- [YOUR OBJECTIVE] Your answer must be the exact lines below, starting with the line with "Ich biete Ihnen" and going on through the line with "2011 Dorntherapie, Breuss-Massage", both included, with no pictures.

Extracted data entries:
◇ ◇ ◇

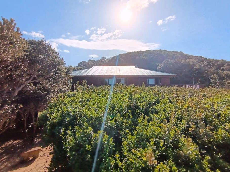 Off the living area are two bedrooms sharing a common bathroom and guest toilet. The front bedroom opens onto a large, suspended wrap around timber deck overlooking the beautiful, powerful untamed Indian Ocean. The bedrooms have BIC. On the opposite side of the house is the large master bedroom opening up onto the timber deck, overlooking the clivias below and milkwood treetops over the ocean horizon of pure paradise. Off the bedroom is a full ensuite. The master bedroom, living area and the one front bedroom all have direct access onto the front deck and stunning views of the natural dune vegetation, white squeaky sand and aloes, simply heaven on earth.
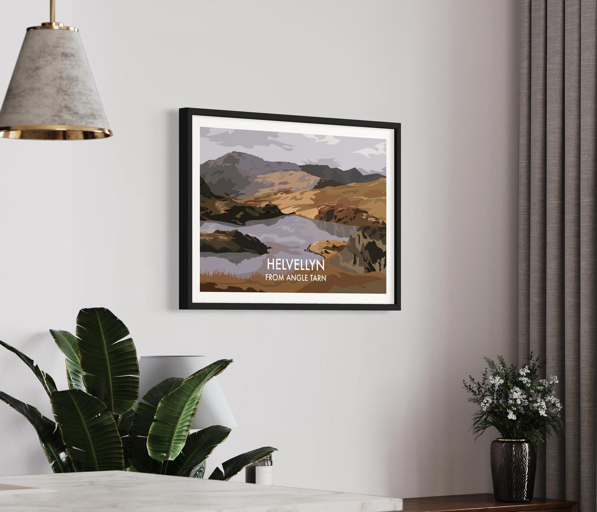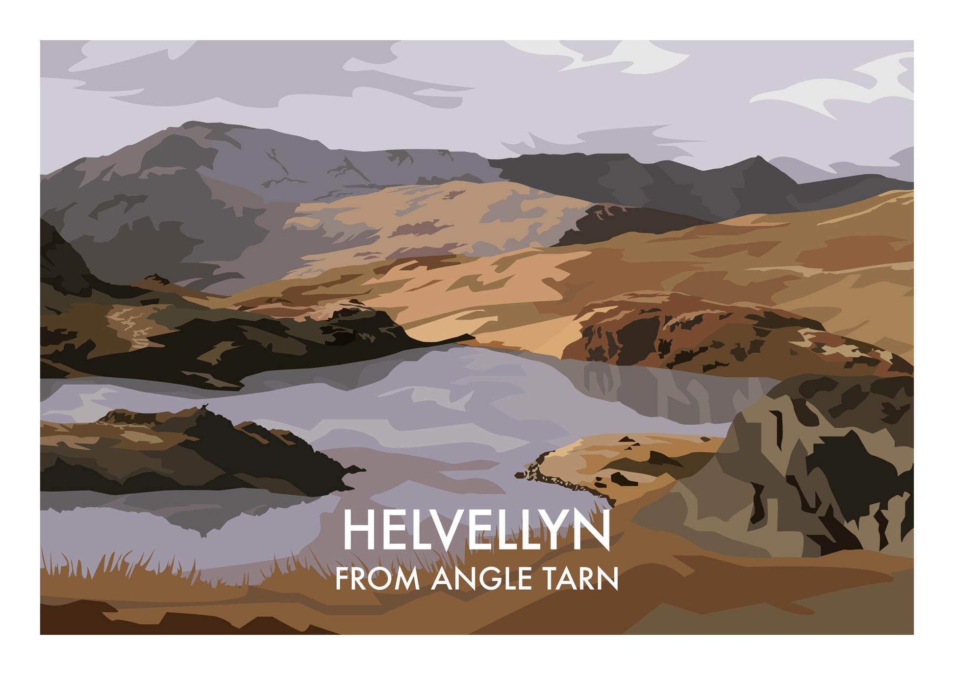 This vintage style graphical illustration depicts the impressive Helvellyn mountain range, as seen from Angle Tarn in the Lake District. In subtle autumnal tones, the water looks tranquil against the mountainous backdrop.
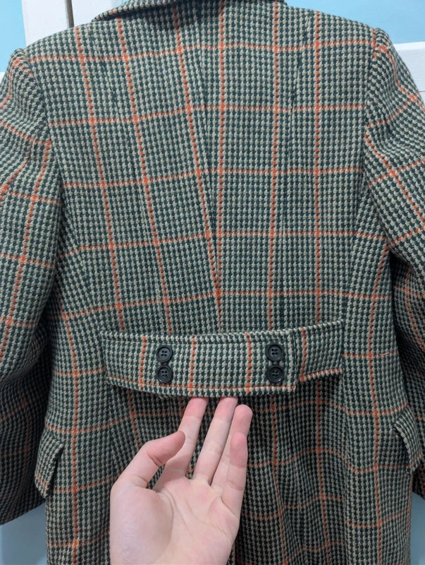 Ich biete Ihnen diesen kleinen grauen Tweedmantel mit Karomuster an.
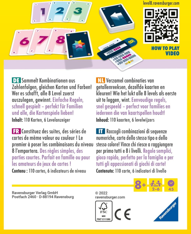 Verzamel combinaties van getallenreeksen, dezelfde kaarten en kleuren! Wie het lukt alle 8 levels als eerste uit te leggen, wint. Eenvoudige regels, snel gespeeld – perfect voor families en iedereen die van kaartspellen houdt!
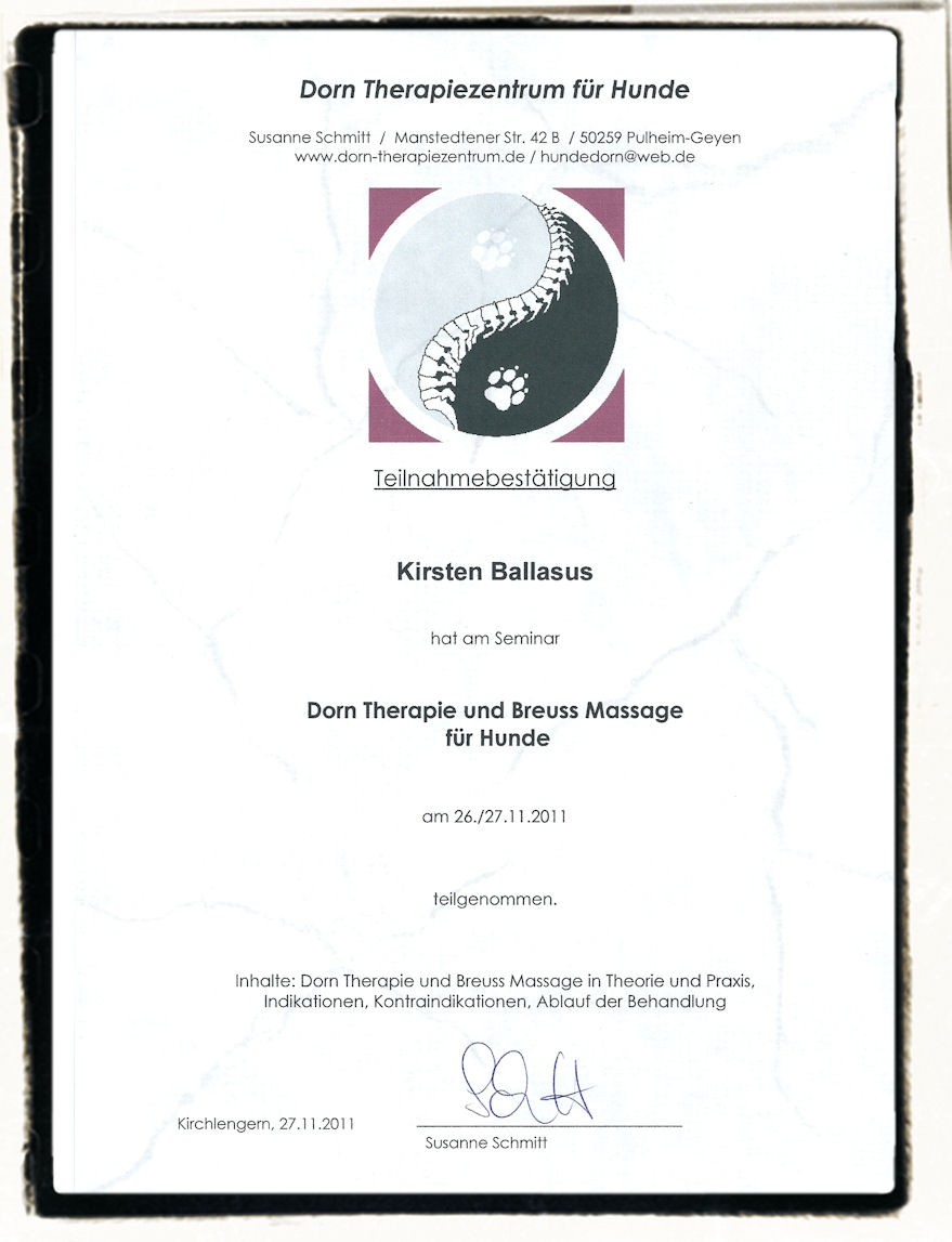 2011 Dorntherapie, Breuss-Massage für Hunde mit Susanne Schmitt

◇ ◇ ◇

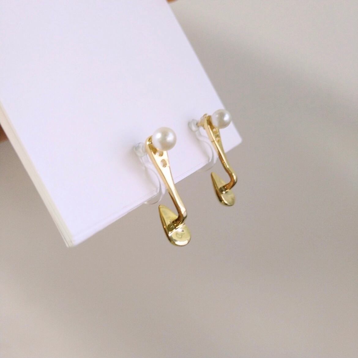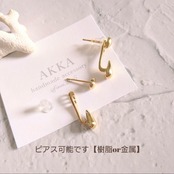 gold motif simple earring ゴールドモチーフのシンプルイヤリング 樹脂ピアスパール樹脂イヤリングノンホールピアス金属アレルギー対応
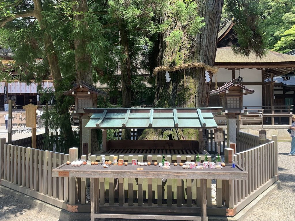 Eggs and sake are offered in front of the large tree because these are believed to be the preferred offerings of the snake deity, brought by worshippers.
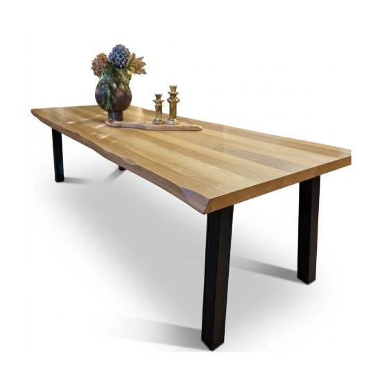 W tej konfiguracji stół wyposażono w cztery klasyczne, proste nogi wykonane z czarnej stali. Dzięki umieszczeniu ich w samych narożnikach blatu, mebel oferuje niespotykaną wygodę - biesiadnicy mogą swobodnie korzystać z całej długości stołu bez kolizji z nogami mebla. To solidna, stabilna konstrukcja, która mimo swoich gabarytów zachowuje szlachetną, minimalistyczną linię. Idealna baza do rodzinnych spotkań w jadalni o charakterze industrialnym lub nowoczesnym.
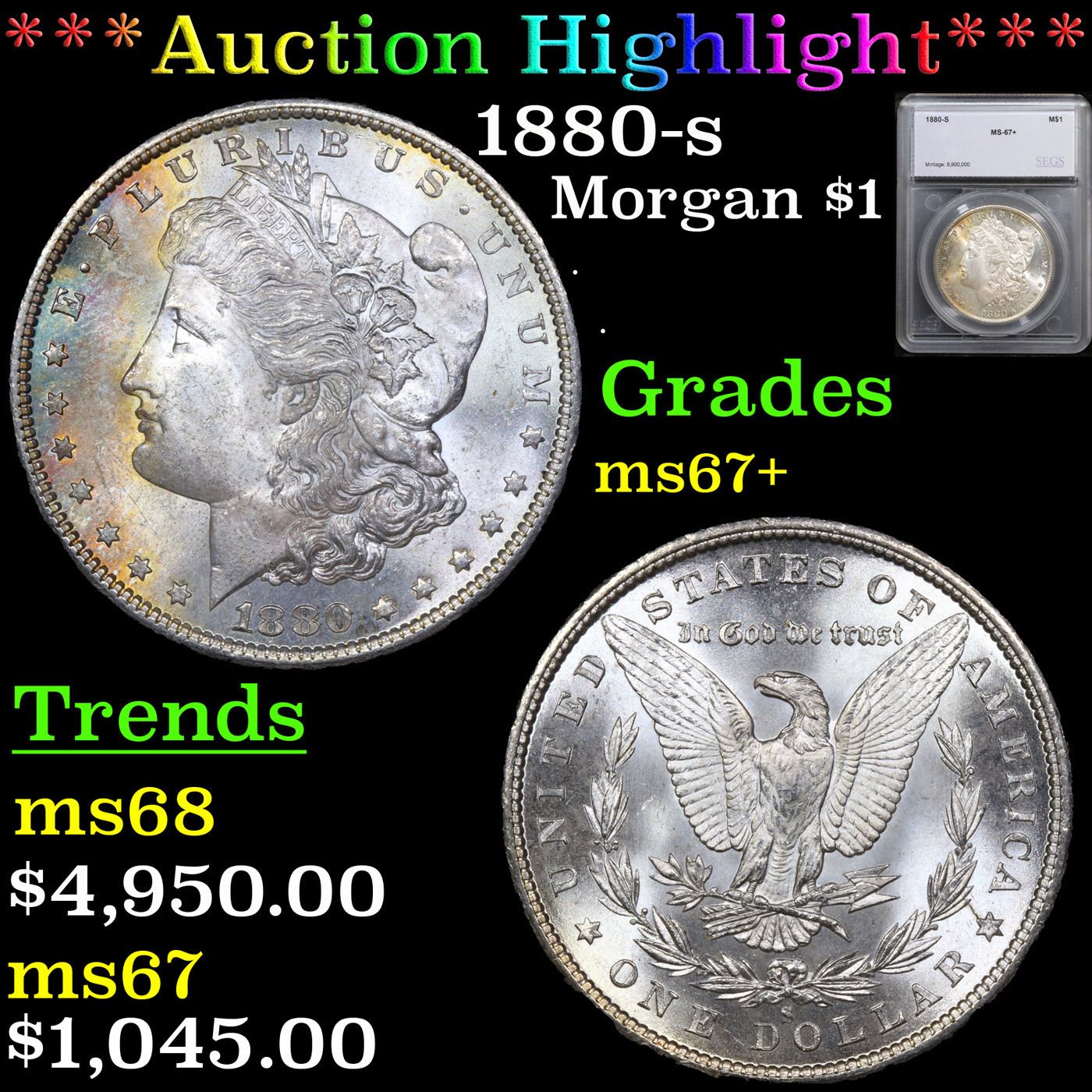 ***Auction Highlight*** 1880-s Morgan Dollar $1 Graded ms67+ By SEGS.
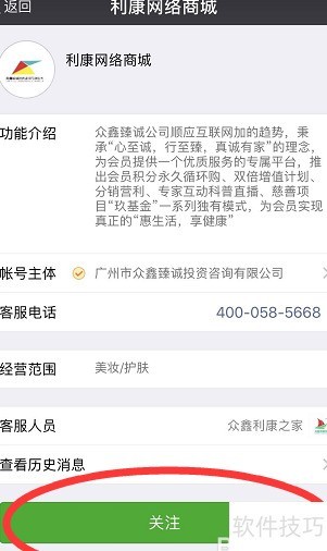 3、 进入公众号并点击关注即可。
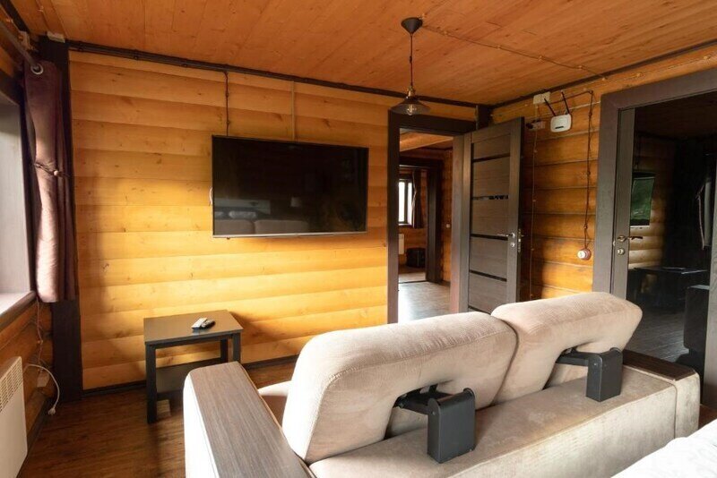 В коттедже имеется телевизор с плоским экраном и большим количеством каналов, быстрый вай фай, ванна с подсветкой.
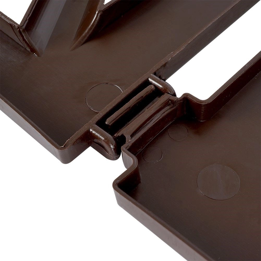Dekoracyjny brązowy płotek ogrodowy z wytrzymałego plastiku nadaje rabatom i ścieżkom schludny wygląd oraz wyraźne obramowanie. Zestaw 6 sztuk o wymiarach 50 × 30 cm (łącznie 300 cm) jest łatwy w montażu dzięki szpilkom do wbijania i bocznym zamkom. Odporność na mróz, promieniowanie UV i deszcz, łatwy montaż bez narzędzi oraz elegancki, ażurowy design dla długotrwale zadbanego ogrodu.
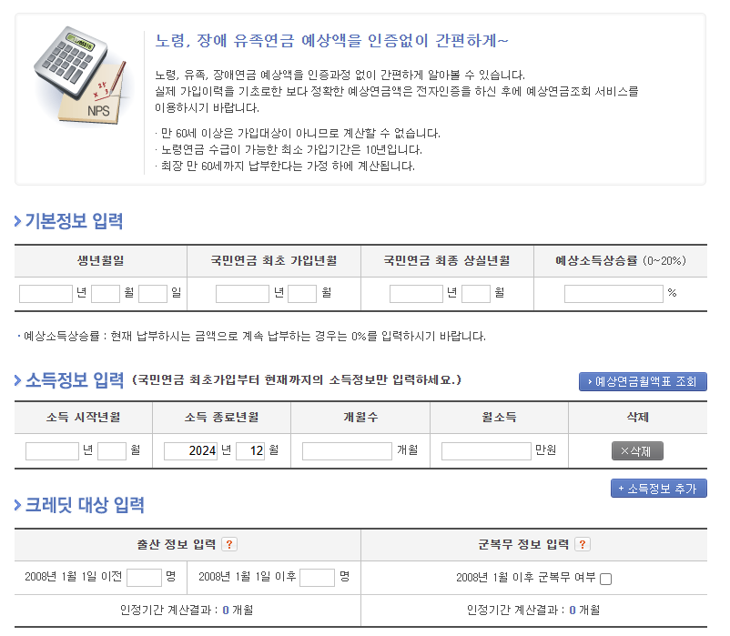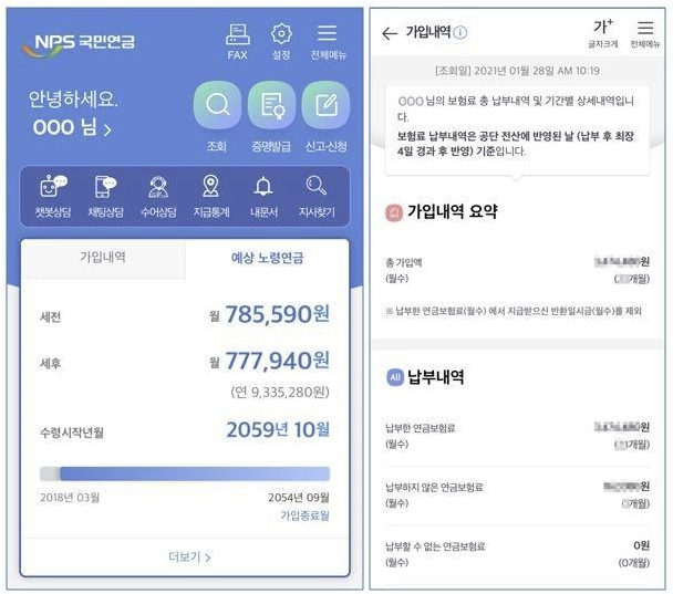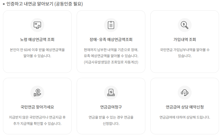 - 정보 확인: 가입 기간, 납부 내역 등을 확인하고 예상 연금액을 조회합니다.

◇ ◇ ◇

- [EXERCISE ANSWER]
 Ich biete Ihnen diesen kleinen grauen Tweedmantel mit Karomuster an.
 Verzamel combinaties van getallenreeksen, dezelfde kaarten en kleuren! Wie het lukt alle 8 levels als eerste uit te leggen, wint. Eenvoudige regels, snel gespeeld – perfect voor families en iedereen die van kaartspellen houdt!
 2011 Dorntherapie, Breuss-Massage für Hunde mit Susanne Schmitt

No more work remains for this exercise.